The Eager Analyst

View Original

Where’s your data from? - How tracking the lineage of data can add value to your analytics

Originally published on napes.co.uk

Provenance is an increasingly popular topic in the food industry as quality scandals and ethical sourcing of produce push their way to their way to the front pages of the press but have you considered how tracking the provenance of your data can add value to your data analytics?

Is the meat you're eating from the animal you expected? Are your potatoes more travelled than touring rock stars? We don't just demand to know more about the source of our food either, as is exemplified by the volume of nutritional information provided with each ready meal packet. We want to know its makeup, the processes the food has undergone, and how that might impact our health.

Without knowing the provenance of a product it would not be possible to manage the food supply chain so as to satisfy all of these informational labels - and given some of the latest scandals, some might say it still isn't managed well - but enough is recorded against each product to support the quality control process and provide customer information.

With a productionized process, data provenance can be carefully considered, designed and implemented into a robust solution too. In the realm of data this can be seen in well defined feed specifications, warehouses with data dictionaries and reporting schema and dimensions that track versions such that a report can be run both in the moment and looking back through time.

The landscape of data warehousing and data lineage is well studied and defined but it can take years to get right. The W3C recently ratified a standard for provenance representation named PROV which builds on semantic RDF models to annotate entities, their relationships to other entity instances and agents http://www.w3.org/TR/prov-overview/. This encapsulates one of the latest forays into categorizing information across the boundaries of systems and organizations.

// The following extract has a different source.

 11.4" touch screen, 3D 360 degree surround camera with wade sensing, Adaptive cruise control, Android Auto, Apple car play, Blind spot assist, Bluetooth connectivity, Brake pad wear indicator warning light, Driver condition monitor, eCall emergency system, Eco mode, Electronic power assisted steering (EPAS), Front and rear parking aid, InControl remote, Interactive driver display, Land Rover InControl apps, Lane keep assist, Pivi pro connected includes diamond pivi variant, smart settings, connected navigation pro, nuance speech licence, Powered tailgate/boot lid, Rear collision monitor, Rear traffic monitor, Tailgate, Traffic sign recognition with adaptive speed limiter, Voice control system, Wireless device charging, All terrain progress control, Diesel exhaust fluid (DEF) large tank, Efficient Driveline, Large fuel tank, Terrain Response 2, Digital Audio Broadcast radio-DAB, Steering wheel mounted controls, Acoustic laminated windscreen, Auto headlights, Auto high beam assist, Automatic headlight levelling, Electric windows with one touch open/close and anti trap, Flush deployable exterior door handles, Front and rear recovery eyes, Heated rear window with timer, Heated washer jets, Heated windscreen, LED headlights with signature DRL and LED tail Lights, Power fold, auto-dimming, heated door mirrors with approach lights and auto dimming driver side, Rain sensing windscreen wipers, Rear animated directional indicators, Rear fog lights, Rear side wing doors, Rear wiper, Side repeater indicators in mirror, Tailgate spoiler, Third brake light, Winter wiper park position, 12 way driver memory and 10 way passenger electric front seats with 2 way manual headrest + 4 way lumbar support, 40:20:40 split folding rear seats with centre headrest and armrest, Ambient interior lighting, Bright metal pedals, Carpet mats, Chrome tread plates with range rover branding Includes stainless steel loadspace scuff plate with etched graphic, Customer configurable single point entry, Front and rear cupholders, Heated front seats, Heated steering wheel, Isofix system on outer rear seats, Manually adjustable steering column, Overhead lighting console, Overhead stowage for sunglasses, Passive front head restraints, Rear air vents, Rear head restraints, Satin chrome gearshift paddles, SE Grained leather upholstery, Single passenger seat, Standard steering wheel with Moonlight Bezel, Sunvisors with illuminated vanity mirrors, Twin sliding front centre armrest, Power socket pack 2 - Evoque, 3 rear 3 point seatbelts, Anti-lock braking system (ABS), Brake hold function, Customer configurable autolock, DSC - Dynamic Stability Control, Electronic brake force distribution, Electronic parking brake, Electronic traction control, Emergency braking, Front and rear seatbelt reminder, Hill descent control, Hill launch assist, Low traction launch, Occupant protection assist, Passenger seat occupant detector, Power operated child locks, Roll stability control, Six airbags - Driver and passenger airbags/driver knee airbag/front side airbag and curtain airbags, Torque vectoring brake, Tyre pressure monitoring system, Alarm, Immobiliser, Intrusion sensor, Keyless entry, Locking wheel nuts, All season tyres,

But what happens when you’re not building a warehouse, but running an analytics team? And over the last few weeks you’ve extracted 50 copies of some dataset 20 different ways and are already on your 4th version of one of dozens of analyses you’re destined to produce? How do you keep track of each version? How do you explain the differences between versions to your clients, weeks after they were produced?

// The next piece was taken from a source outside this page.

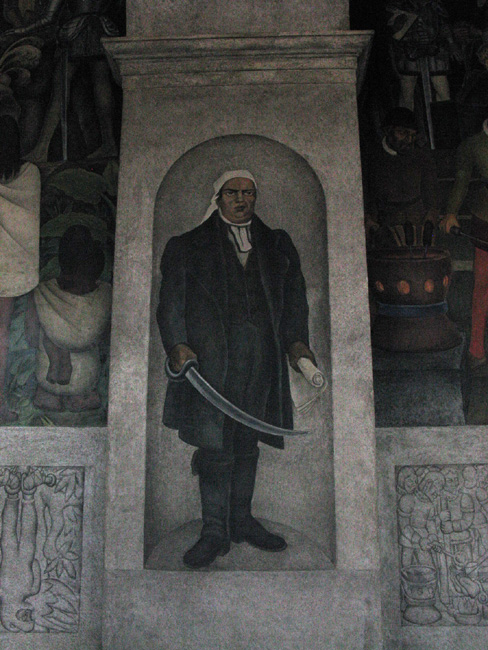 Source: WTL© photo 2009 taken on site in the Museo Regional de Cuauhnáhuac. Image: A mural painting by Diego Rivera of Morelos in the alcove, as you can see, to the left of the preceding panel. Task: Find the pages on Morelos in the HUM 2461 textbook and in the Cuernavaca pages (link below). Humanities Question: Placing Morelos in this place in the mural in anachronistic, right? Speculate on why Diego Rivera chose to place an image of Morelos. (Hint, there is a lot to say in response to this topic; it's not an idle observation.) |

It's certainly a challenge and something that I've come up against many times in my career. Particularly as many of these projects had an element of regulatory reporting for which a degree of rigor and auditability is required. The teams on such projects are often dynamic, in size, pace and the composition of team members and as the analytics team grows, it becomes ever harder to track analyses, business requirements and track how the two have evolved together.

Guerilla Analytics is the field of research published by Enda Ridge and Edward Curry and something that I’ve written about before. However Enda has now published a companion book, Guerilla Analytics - A Practical Approach to Working With Data, and halfway through I’m already a convert to the mantra that provenance is everything.

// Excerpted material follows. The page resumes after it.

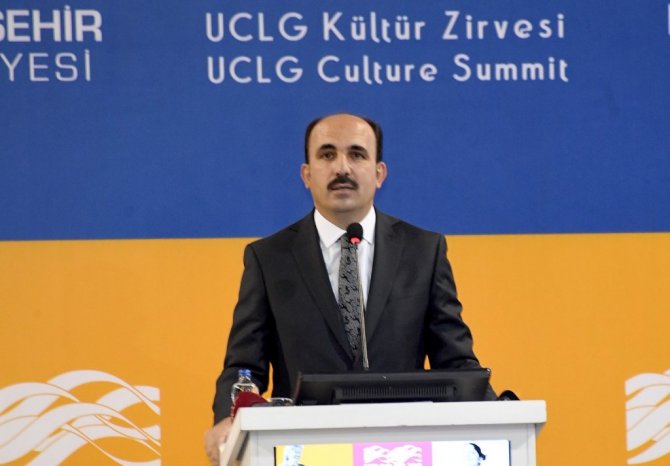 Kültürün sürdürülebilir kalkınma amaçlarının sac ayaklarından birisi olduğuna değinen Başkan Altay, "Yaşadığımız her an, her dakika, içerisinde yoğrulduğumuz kültüre göre şekillenmektedir. Bu nedenle geçmişten gelen kültürel mirasımızı korumalı ve yeni nesillere bu mirasımızı aktarmalıyız. Küreselleşen dünyada özümüzü yansıtmasının yanında yaşanan her türlü soruna karşı bir çözüm olan kültür, toplumların olmazsa olmazıdır. Tüm dünya olarak son iki yıldır yaşadığımız zorlu süreç bize doğaya, çevreye kültüre saygılı olmanın önemini acı bir şekilde hatırlatmıştır. Pandemi sürecinin bizlere öğrettiklerini aklımızın bir köşesinde tutarak, birlikte yaşamak ve sorunların üstesinden gelmek için kültürü tam boyutlarıyla değerlendirmeliyiz. Sorunların üstesinden gelmek için ortak çalışma, ortak düşünme, iyi tecrübelerin paylaşımı gibi faaliyetleri artırmalı, kültürü şehirlerimiz arasında, insanlarımız arasında daha çok geliştirmeliyiz. UCLG çatısı altında bu hedefleri gerçekleştirmeye çalışıyoruz" diye konuştu.

The book covers a number of data principles, risks and suggestions for managing them. However provenance sticks out as a simple keyword that can be used to help drive methodology and self-check that the approach undertaken is going to be a robust and reliable one. By placing emphasis on the organization and tagging of data, the book instills the values of Provenance. It's not enough simply to have a Provenance mantra, of course. The book promotes convention over configuration, outlining some ways in which these principles can be implemented while not relying on heavy documentation or industrial tooling and processes. For instance, aligning working papers and code with the development process, cataloguing data extracts, and versioning central repositories of data. These techniques don’t have to rely upon specialist technologies to support them either. File naming conventions and common work practices can go far in helping a team to track their data products.

Now working In the field of Internal Audit, the buzzword is always ‘reproducibility’ and so provenance is aligned with my current world-view - if you understand where something has come from and how it has come to where it is now, you should have a pretty good idea of how to reproduce it.

And if you know how to reproduce it, hopefully you have a starting point to understanding it too.